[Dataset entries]
* * * * * * * * *

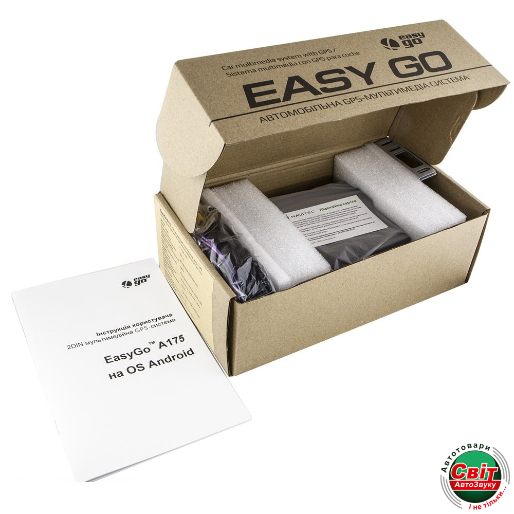 Автомагнітола EasyGo A175Это универсальный мультимедийно-навигационный центр, предназначенный для установки в автомобили с 2DIN шахтой для головного устройства. Особенностью данной модели является небольшая толщина, что значительно облегчает установку. Она оснащена широкоформатным сенсорным дисплеем, размером 7 дюйма, с разрешением 1024х600 точек, который прекрасно дополняет салон. Работает на операционной системе Android 7.1, со всеми современными функциями, это значительно расширяет радиус возможностей, скачивать и устанавливать любые приложения через Play Market, что даёт вам возможность гибкой настройки магнитолы под себя и свои вкусы. Выход в интернет возможен через телефон или 3G модем. Данная мультимедийная система имеет функцию управления магнитолой с помощью кнопок на руле, а также есть возможность подключения камеры заднего вида, парковочных систем, которые облегчат и сделают более комфортным управление автомобилем.
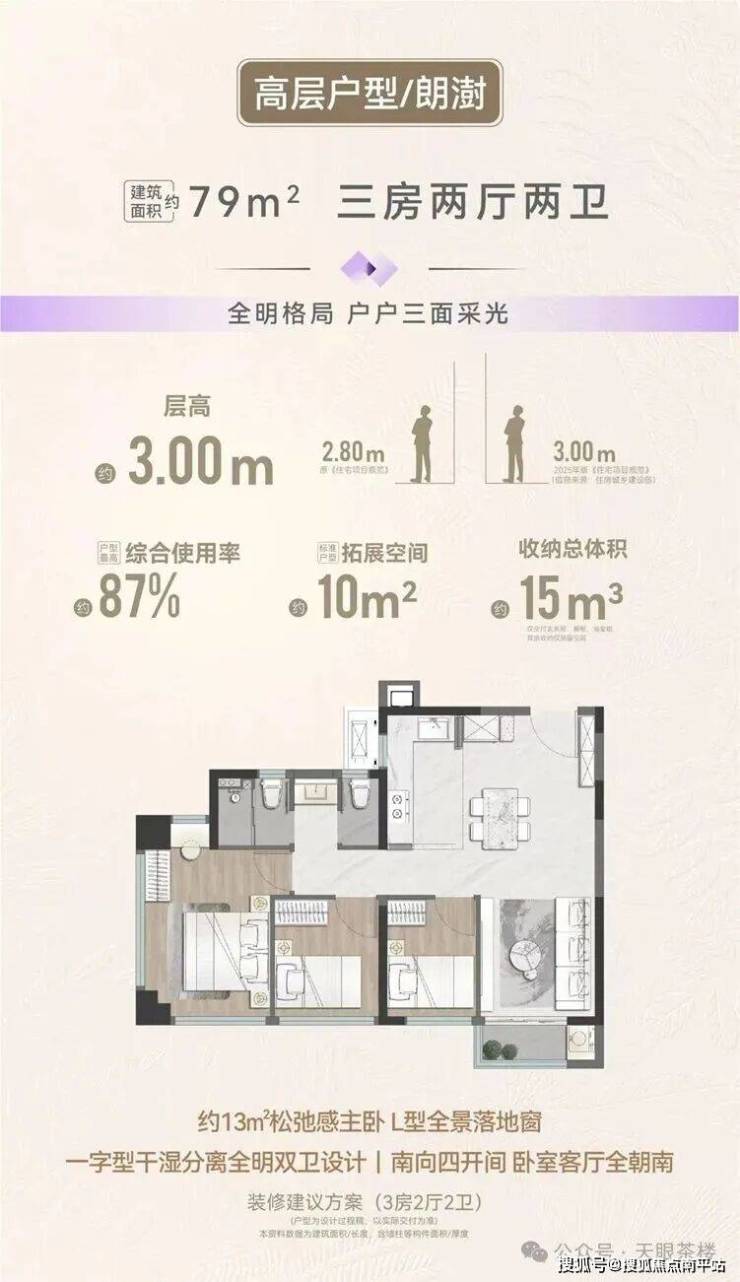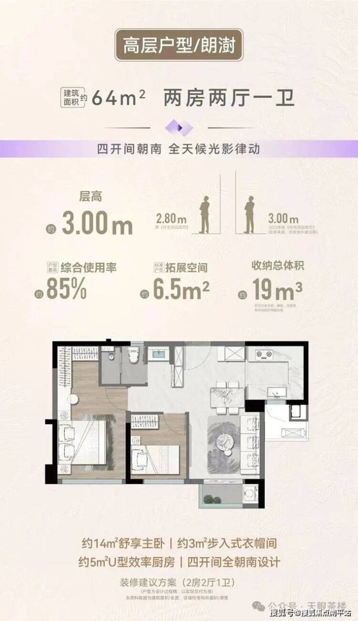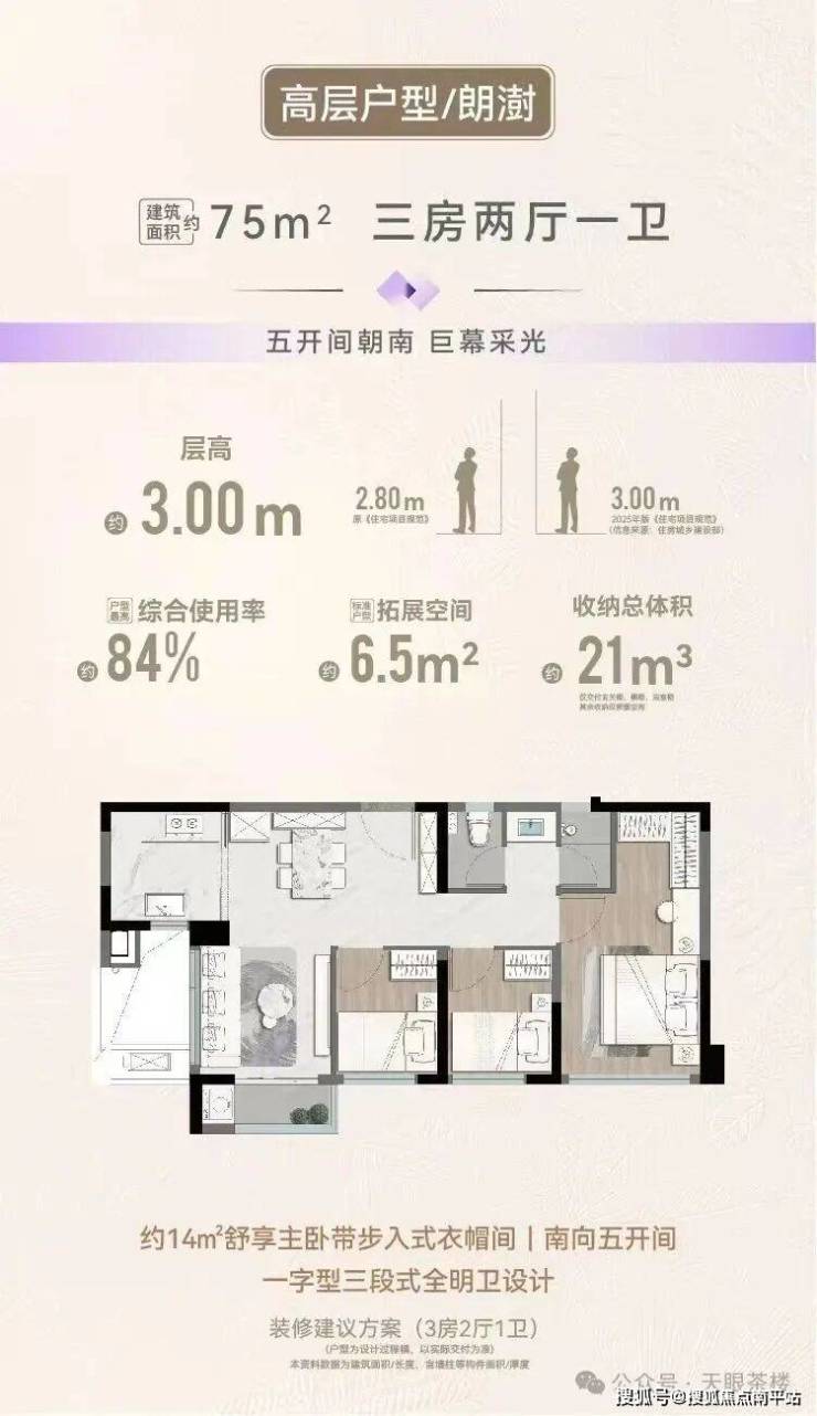 项目规划4栋瞰海高层(部分),64㎡2房、75㎡3房、79㎡3房、89㎡4房,层高3米;5栋低密洋房,95㎡和112㎡4房,层高3.1米,类独梯独户设计,户户都有一个12-13㎡的入户电梯厅。高层和洋房全系均有外阳台。
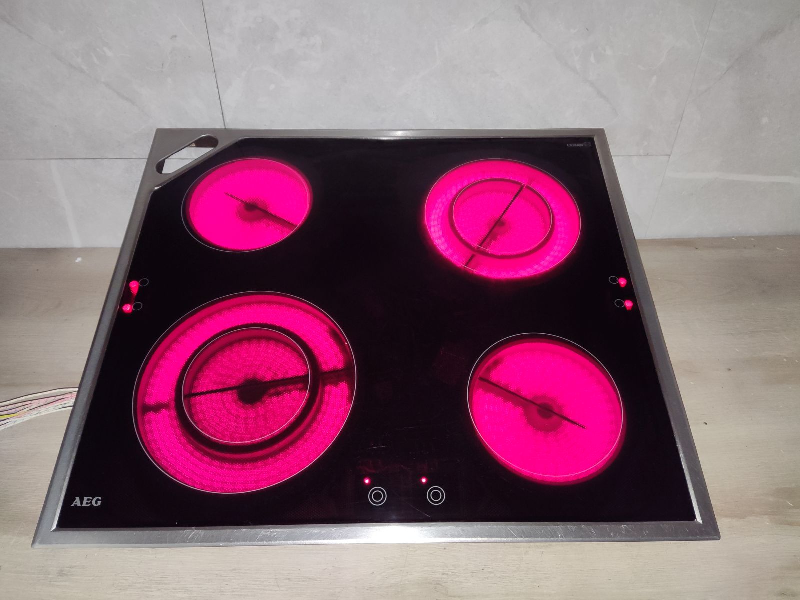 (neues selbstklebendes Dichtband) Original Halteklemmen komplett Edelstahlrahmen Leistungsstarke EGO HiLight Heizelemente. Zwei mal Zweikreiszonen Erweiterungen werden am Kochfeld via EGO Sensoren aufgeschaltet. (Original Erstausrüster Bestückung) Das Kochfeld wurde in Deutschland Hergestellt und nach der Erstauslieferung sachgemäß genutzt, (wir haben alle Teile für all unsere angebotenen Kochfelder mehrfach am Lager und können immer sofort agieren) Leistungsaufnahme :6300Watt Außenmaße : 57,5cm x 50,5cm
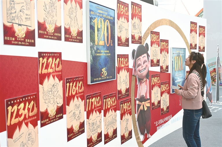 2025年4月19日,观众在电影《哪吒之魔童闹海》破亿手绘海报展参观。新华社记者 李鑫 摄
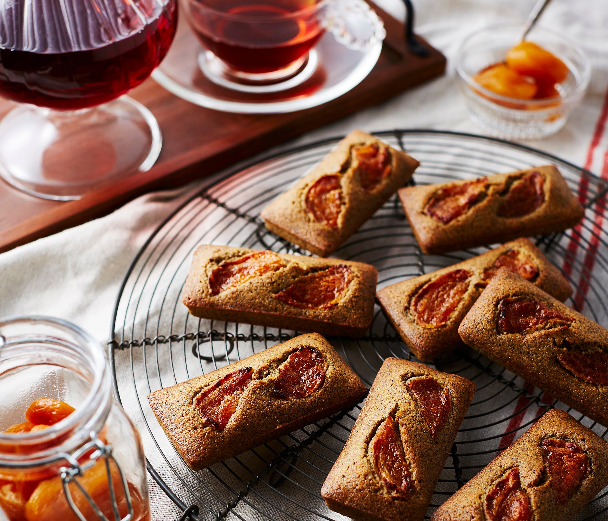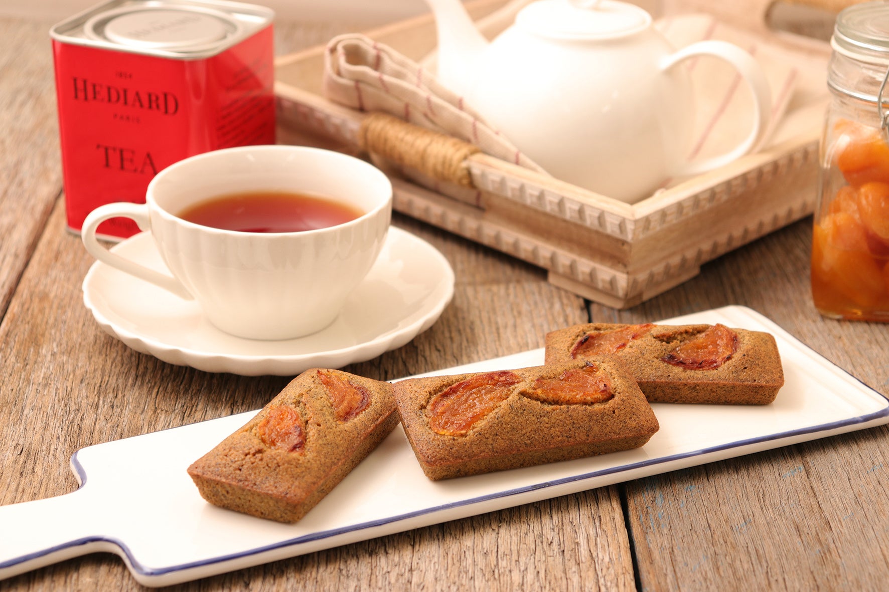 『焼きたてフィナンシェ(エディアールブレンド)』は、柑橘系の爽やかな味わいが特徴の茶葉を細かく砕き、アーモンドと焦がしバターの香り豊かなフィナンシェ生地に合わせて焼き上げています。アプリコットブランデーにひと晩漬け込んだセミドライアプリコットの爽やかな酸味が、香り高いフィナンシェ生地と相性抜群です。

* * * * * * * * *

§ Prompt
Give the lines of the entries above exactly as they appear, leaving out each picture.

§ Response area
 Автомагнітола EasyGo A175Это универсальный мультимедийно-навигационный центр, предназначенный для установки в автомобили с 2DIN шахтой для головного устройства. Особенностью данной модели является небольшая толщина, что значительно облегчает установку. Она оснащена широкоформатным сенсорным дисплеем, размером 7 дюйма, с разрешением 1024х600 точек, который прекрасно дополняет салон. Работает на операционной системе Android 7.1, со всеми современными функциями, это значительно расширяет радиус возможностей, скачивать и устанавливать любые приложения через Play Market, что даёт вам возможность гибкой настройки магнитолы под себя и свои вкусы. Выход в интернет возможен через телефон или 3G модем. Данная мультимедийная система имеет функцию управления магнитолой с помощью кнопок на руле, а также есть возможность подключения камеры заднего вида, парковочных систем, которые облегчат и сделают более комфортным управление автомобилем.
 项目规划4栋瞰海高层(部分),64㎡2房、75㎡3房、79㎡3房、89㎡4房,层高3米;5栋低密洋房,95㎡和112㎡4房,层高3.1米,类独梯独户设计,户户都有一个12-13㎡的入户电梯厅。高层和洋房全系均有外阳台。
 (neues selbstklebendes Dichtband) Original Halteklemmen komplett Edelstahlrahmen Leistungsstarke EGO HiLight Heizelemente. Zwei mal Zweikreiszonen Erweiterungen werden am Kochfeld via EGO Sensoren aufgeschaltet. (Original Erstausrüster Bestückung) Das Kochfeld wurde in Deutschland Hergestellt und nach der Erstauslieferung sachgemäß genutzt, (wir haben alle Teile für all unsere angebotenen Kochfelder mehrfach am Lager und können immer sofort agieren) Leistungsaufnahme :6300Watt Außenmaße : 57,5cm x 50,5cm
 2025年4月19日,观众在电影《哪吒之魔童闹海》破亿手绘海报展参观。新华社记者 李鑫 摄
 『焼きたてフィナンシェ(エディアールブレンド)』は、柑橘系の爽やかな味わいが特徴の茶葉を細かく砕き、アーモンドと焦がしバターの香り豊かなフィナンシェ生地に合わせて焼き上げています。アプリコットブランデーにひと晩漬け込んだセミドライアプリコットの爽やかな酸味が、香り高いフィナンシェ生地と相性抜群です。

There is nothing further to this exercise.